Filtering News Feeds & Fake News on Facebook: It’s All in the Terms & Conditions

Recently released studies show that people are unaware that their Facebook news feed is being filtered by the social network. Facebook uses an algorithm that looks at what videos people watch, what content they click on, and who they interact with through “likes” and “comments”, and, using that information, the algorithm filters new content to show things that are “more of the same.”

What ends up happening as a result of this creation of “filter bubbles” is that people only see content that they agree with, while the Facebook algorithm screens all dissenting points of view.

This makes it easier than ever for propaganda, in the form of “fake news,” to spread amongst groups of people who share the same beliefs and interests, and propaganda can come from all over the world. For example, teens in Macedonia were found to be behind a large portion of fake pro-Trump news.
In the wake of the Parkland school shooting, the danger of this filtering became apparent when students who survived the Parkland High School shooting and publically called for greater gun control were accused of being hired crisis actors in a series of videos that went viral on more-conservative, pro-Trump newsfeeds. Some were quick to condemn attacking the victims of the shooting, but others actually believe that these teenagers are hired actors paid to push a “left-wing agenda.” This is not the first time that videos have circulated after a mass-shooting questioning the validity of what happened, either. Following the Sandy Hook shooting, for example, there was a slew of stories claiming that it was all a hoax.

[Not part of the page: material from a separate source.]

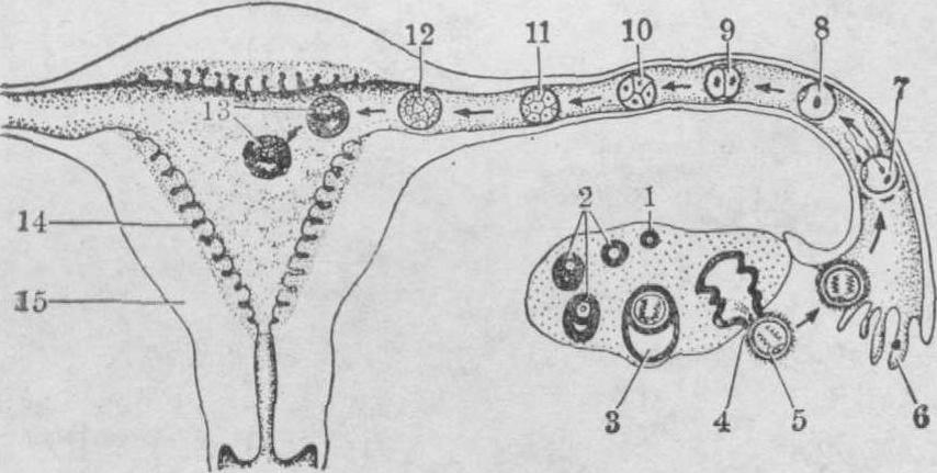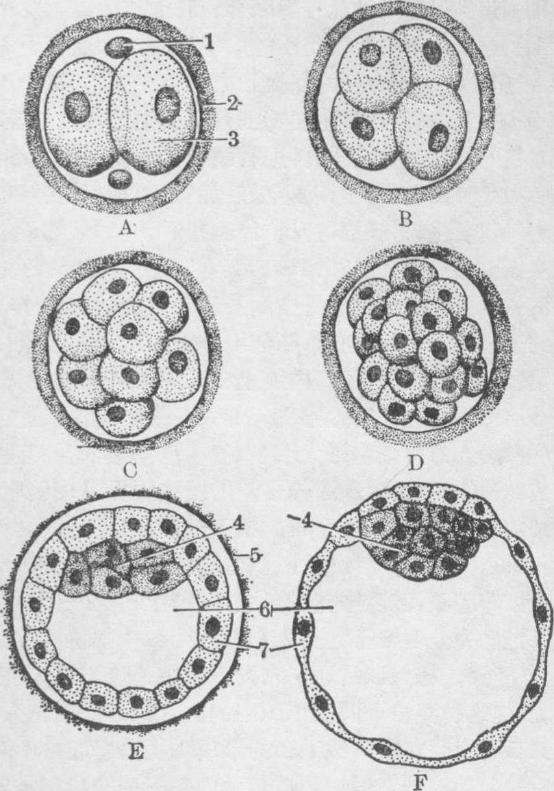 释义 | 卵裂与胚泡的形成 卵裂与胚泡的形成卵裂和胚泡形成是卵子受精后的两个连续发育过程或阶段,前者为受精卵在输卵管中连续分裂形成桑子状桑椹胚的阶段;后者为桑椹胚到达子宫腔后渗入子宫液形成具有囊腔的囊胚的形成过程。 图1 卵巢周期、受精及人胚第一周的发育图解 1.初级卵泡 2.生长卵泡 3.成熟卵泡 4.排卵5.次级卵母细胞 6.输卵管伞 7.受精 8.合子9.2细胞期 10.4细胞期 11.8细胞期 12.桑椹胚期 13.胚泡 14.子宫内膜 15.子宫肌层 早期卵裂球仍具有全能发育的潜能,将2细胞期的卵裂球分开,或将桑椹胚分为二半后,每半均可演变为一个全胚。人类同卵挛生和连体怪胎可能和卵裂期或胚泡内细胞团不正常的裂分为二有关(估计约有25~30%是由于2细胞期卵裂球分离造成的结果)。 胚泡的形成 胚泡也称囊胚。桑椹胚在子宫腔中继续分裂,使细胞数量增多,同时宫腔中的分泌液通过透明带渗入细胞间而逐渐形成一囊腔,称为囊胚腔或胚泡腔。囊腔的增大,使细胞分为二部分,包围在胚泡腔外的为扁平细胞层,该层与取得母体营养有关,将演变为胎盘的一部,称为滋养层;位于动物极中央的细胞,集聚成团,将演变为胚体和一部分胎膜,称为内细胞团,或称胚结(图2)。这一时期的胚胎称为囊胚,在哺乳类通称为胚泡,为受精后4~4.5天的胚胎。随着子宫液渗入量增多,胚泡腔增大,内细胞团便偏位于一侧,整个胚泡的体积增大至0.25 mm。子宫分泌液中含有糖原及粘多糖等物质,为植入前胚泡的营养来源,又称为“子宫乳”。胚泡到达子宫腔2天后(5天胎龄),透明带消失,胚泡的滋养层细胞便直接与子宫内膜接触。5~6天胎龄的胚泡,由于滋养层的动物极一端细胞的粘性,胚泡内细胞团一端的滋养细胞与子宫内膜上皮紧密接触。在第7天时,滋养层细胞增殖侵生,扩大表面植入的范围,开始作植入子宫内膜的准备。 图2 卵裂及胚泡形成模式图(自Moore) A.二细胞期 B.四细胞期 C.八细胞期 D.桑椹胚期 E.胚泡早期 F.胚泡晚期 1.极体 2.透明带 3.卵裂球 4.内细胞团5.退化中的透明带 6.胚泡腔 7.滋养层 ☚ 受精 胚泡的着床与植入 ☛ |

This is not to say that Facebook’s algorithm is responsible for creating the propaganda. Propaganda has been around long before the internet and Facebook was ever created. Take what happened in Little Rock in 1957, for example. There, the “nine African American teens who braved racist crowds to enroll in Little Rock Central High School in Arkansas” were accused of being paid protestors who were brought down from the North by the NAACP, when they were actually the children of local residents. The difference, though, between then and now is that those false stories were circulated in newspapers, and people did not have the ability to quickly search for evidence to the contrary. Today, a world of information is a few keyboard strokes away, but no one searches for it. For many, they do not search because they do not think that they have to; they are unaware that they are not getting the full picture.

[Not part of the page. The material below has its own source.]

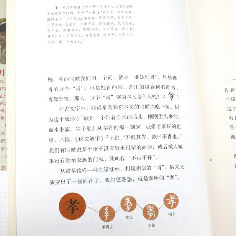 汉字是握在中华民族掌心里的纹路,循着它的指事象形,可以触摸到所有观念由来的秘密;汉字也是笔尖下流淌的乡土,横平竖直皆风骨,撇捺飞扬即血脉。写中国字,懂中国心。汉字,一笔一画,都流淌着我们的血脉,蕴藏着我们的乡土情怀。于丹教授通过对汉字的解读,带领我们感受汉字的典雅,唤醒心中的诗意,并领悟其中深厚的哲学思想和人生道理。

Though Facebook denies it is a media company, almost half of U.S. adults get their news from Facebook. As a result, almost half of U.S. adults get news that is highly filtered based on who they are friends with and what political affiliations they have indicated through their page. The news is also filtered based on emotional content; Facebook has admitted to manipulating users’ feeds to adjust how many positive and negative posts they saw,” because it found that positive feeds leads to positive posts, and vice versa. Facebook argues that its news feed algorithm “only slightly decreases users’ exposure to news shared by those with opposing viewpoints,” because individual choices, in terms of friends and “what content they select, matters more than the effect of algorithmic sorting,” but when a major source of news shelters people from information that contradicts their belief, it is not doing those individuals, or society as a whole, any favors.
Is it legal for Facebook to filter news feeds and manipulate what information users see? Users agree to such manipulation in Facebook’s terms and conditions; terms and conditions that are long, complicated, and impossible to understand for the majority of people. The good news is that Facebook users can alter what information they see in their feeds. They can do so by intentionally seeking out content contrary to their own views, becoming friends with individuals whose views differ from their own, and following a wider range of pages. The question becomes whether or not they will choose to do so.